Re: [PATCH RFC net 1/1] net/sched: Fix mirred to self recursion

From: Jamal Hadi Salim <jhs@mojatatu.com>
To: Eric Dumazet <edumazet@google.com>
Cc: davem@davemloft.net, kuba@kernel.org, pabeni@redhat.com,
	jiri@resnulli.us,  xiyou.wangcong@gmail.com,
	netdev@vger.kernel.org, renmingshuai@huawei.com,
	 Victor Nogueira <victor@mojatatu.com>
Subject: Re: [PATCH RFC net 1/1] net/sched: Fix mirred to self recursion
Date: Wed, 27 Mar 2024 19:12:59 -0400	[thread overview]
Message-ID: <CAM0EoMmO9pz7Y3ZMVL-QYAUB3kuxNQyK8h4OY-V1T99aE_Qbig@mail.gmail.com> (raw)

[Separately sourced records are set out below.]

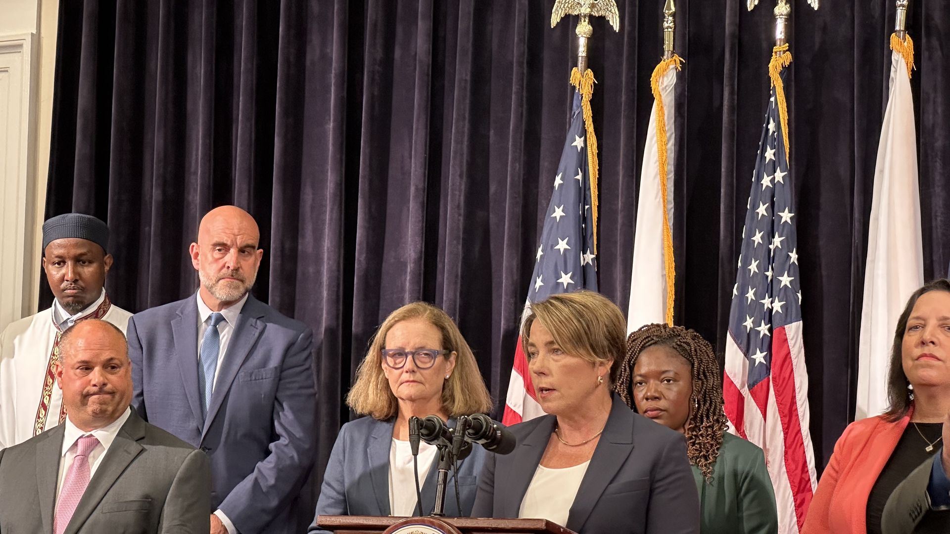 Gov. Maura Healey announced the emergency declaration at the State House. Photo: Steph Solis/Axios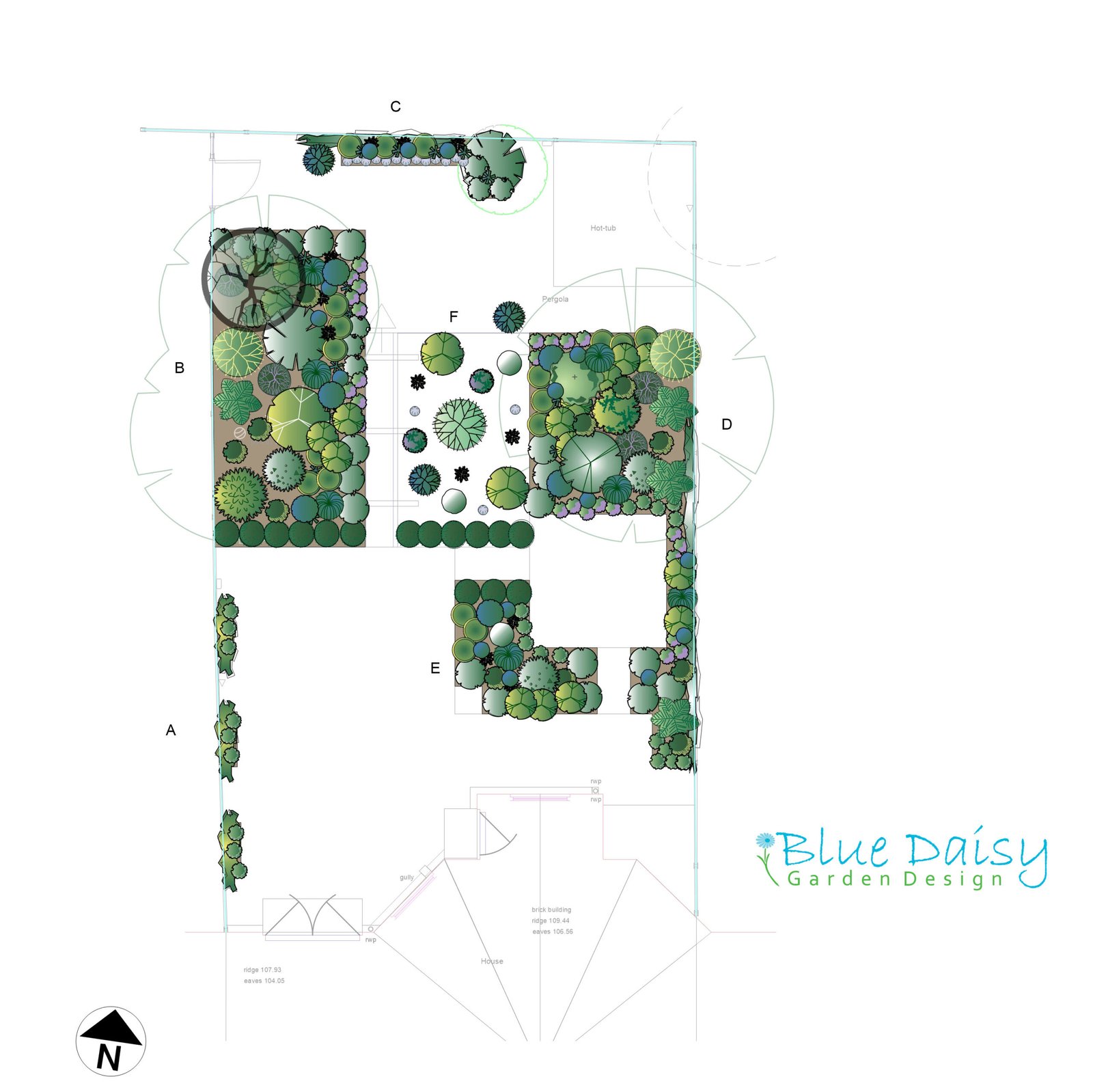We provide and present to you a Planting Design pack which includes in addition to your planting plans, some visuals to help bring your planting scheme to life.  We also provide additional information that includes, but isn't limited to, the key specimens included in your design, your site analysis, planting overview (example shown left) which shows where plants fit in relation to your whole garden, and a plant schedule which is a list that gives the plant names as well as the quantities and pot sizes required to fulfil your planting design.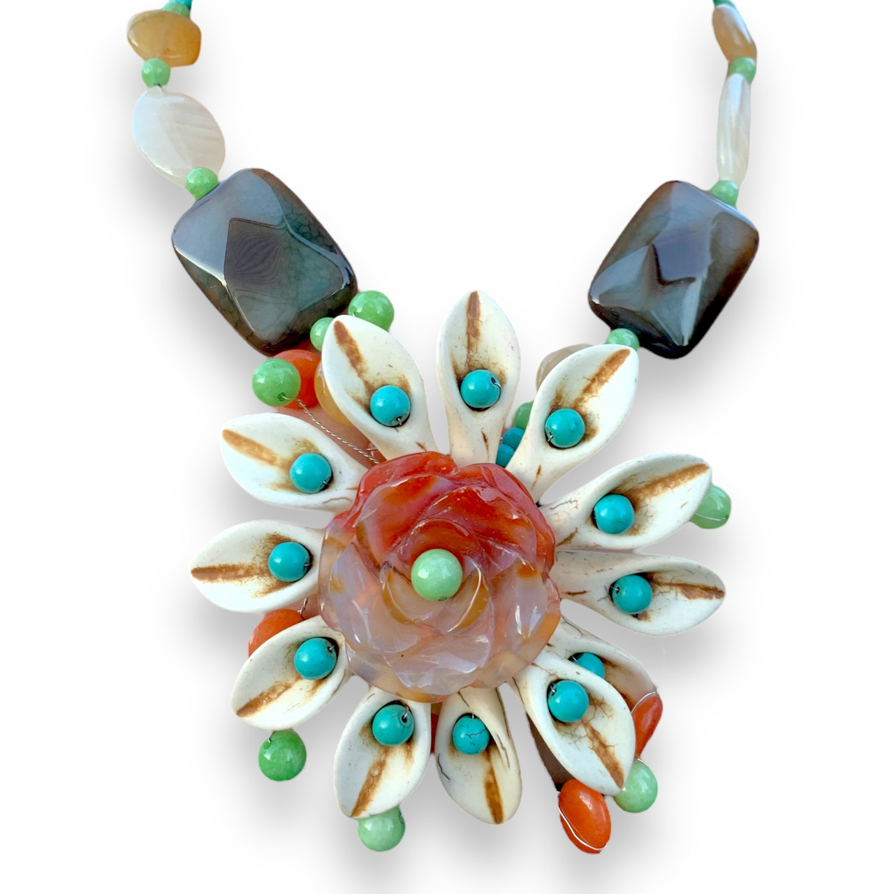 Handmade Tropical Necklace 18" Cowrie Shell Turquoise Agate Gemstone Choker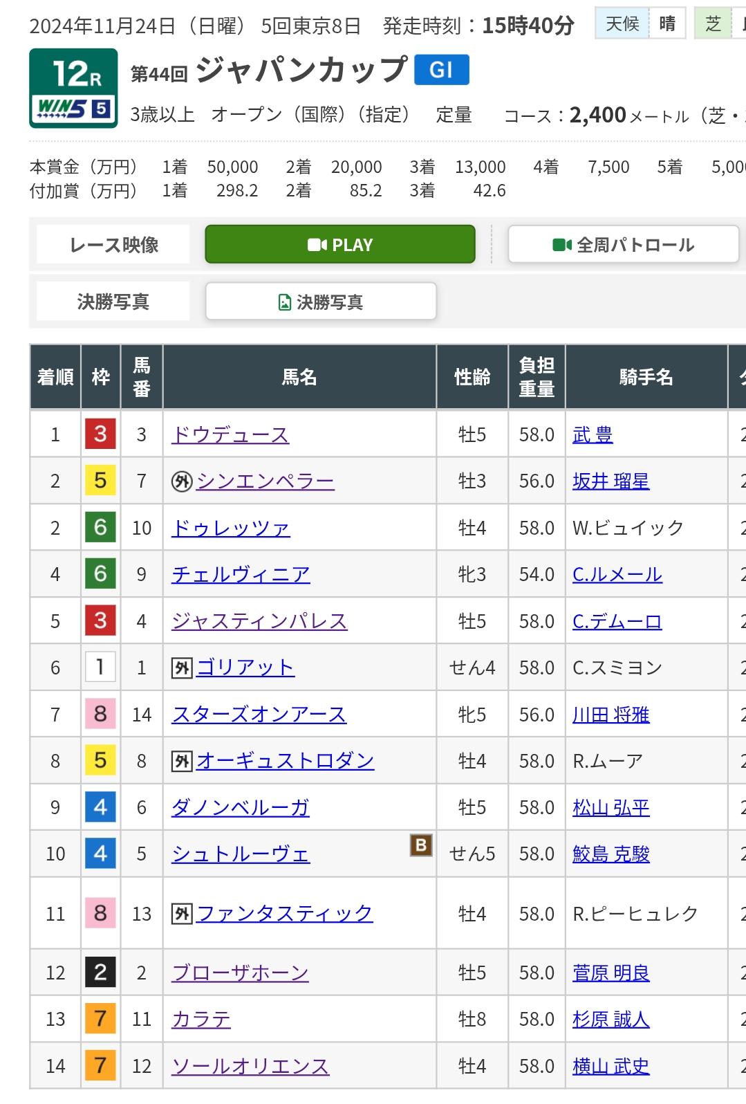 菜:武豊騎手不在のJC。レープロのオーソリティ。別角度なら2024年。ジャパンカップ③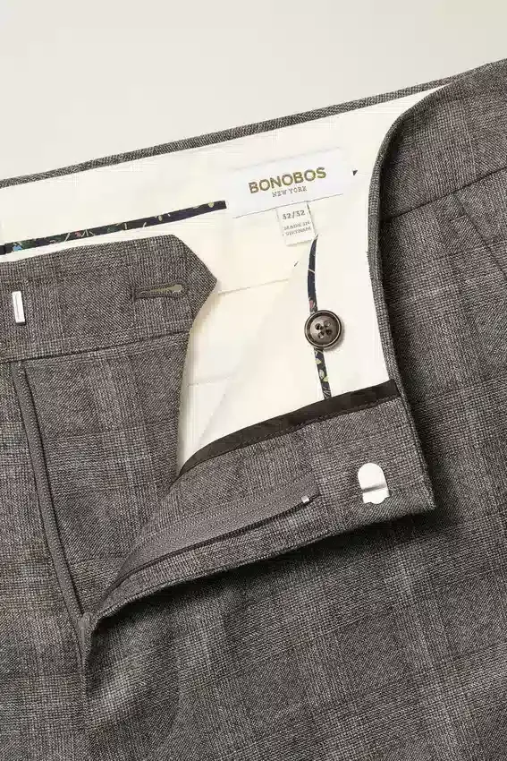 Classic Hook and Bar Closure | Button-Through Back Pockets | Custom Bonobos Print at Interior Waistband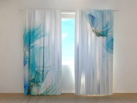 Fotogardine Türkisgrünes Aquarell mit goldenen Linien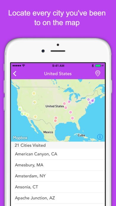 - See all the cities you've visited on a colorful map

In-Reply-To: <CAM0EoMmQHsucU6n1O3XEd50zUB4TENkEH0+J-cZ=5Bbv9298mA@mail.gmail.com>

On Wed, Mar 27, 2024 at 6:57 PM Jamal Hadi Salim <jhs@mojatatu.com> wrote:
>
> On Wed, Mar 27, 2024 at 9:23 AM Eric Dumazet <edumazet@google.com> wrote:
> >
> > On Wed, Mar 27, 2024 at 12:03 AM Jamal Hadi Salim <jhs@mojatatu.com> wrote:
> > >
> > > When the mirred action is used on a classful egress qdisc and a packet is
> > > mirrored or redirected to self we hit a qdisc lock deadlock.
> > > See trace below.
> > >
> > > [..... other info removed for brevity....]
> > > [   82.890906]
> > > [   82.890906] ============================================
> > > [   82.890906] WARNING: possible recursive locking detected
> > > [   82.890906] 6.8.0-05205-g77fadd89fe2d-dirty #213 Tainted: G        W
> > > [   82.890906] --------------------------------------------
> > > [   82.890906] ping/418 is trying to acquire lock:
> > > [   82.890906] ffff888006994110 (&sch->q.lock){+.-.}-{3:3}, at:
> > > __dev_queue_xmit+0x1778/0x3550
> > > [   82.890906]
> > > [   82.890906] but task is already holding lock:
> > > [   82.890906] ffff888006994110 (&sch->q.lock){+.-.}-{3:3}, at:
> > > __dev_queue_xmit+0x1778/0x3550
> > > [   82.890906]
> > > [   82.890906] other info that might help us debug this:
> > > [   82.890906]  Possible unsafe locking scenario:
> > > [   82.890906]
> > > [   82.890906]        CPU0
> > > [   82.890906]        ----
> > > [   82.890906]   lock(&sch->q.lock);
> > > [   82.890906]   lock(&sch->q.lock);
> > > [   82.890906]
> > > [   82.890906]  *** DEADLOCK ***
> > > [   82.890906]
> > > [..... other info removed for brevity....]
> > >
> > > Example setup (eth0->eth0) to recreate
> > > tc qdisc add dev eth0 root handle 1: htb default 30
> > > tc filter add dev eth0 handle 1: protocol ip prio 2 matchall \
> > >      action mirred egress redirect dev eth0
> > >
> > > Another example(eth0->eth1->eth0) to recreate
> > > tc qdisc add dev eth0 root handle 1: htb default 30
> > > tc filter add dev eth0 handle 1: protocol ip prio 2 matchall \
> > >      action mirred egress redirect dev eth1
> > >
> > > tc qdisc add dev eth1 root handle 1: htb default 30
> > > tc filter add dev eth1 handle 1: protocol ip prio 2 matchall \
> > >      action mirred egress redirect dev eth0
> > >
> > > We fix this by adding a per-cpu, per-qdisc recursion counter which is
> > > incremented the first time a root qdisc is entered and on a second attempt
> > > enter the same root qdisc from the top, the packet is dropped to break the
> > > loop.
> > >
> > > Reported-by: renmingshuai@huawei.com
> > > Closes: https://lore.kernel.org/netdev/20240314111713.5979-1-renmingshuai@huawei.com/
> > > Fixes: 3bcb846ca4cf ("net: get rid of spin_trylock() in net_tx_action()")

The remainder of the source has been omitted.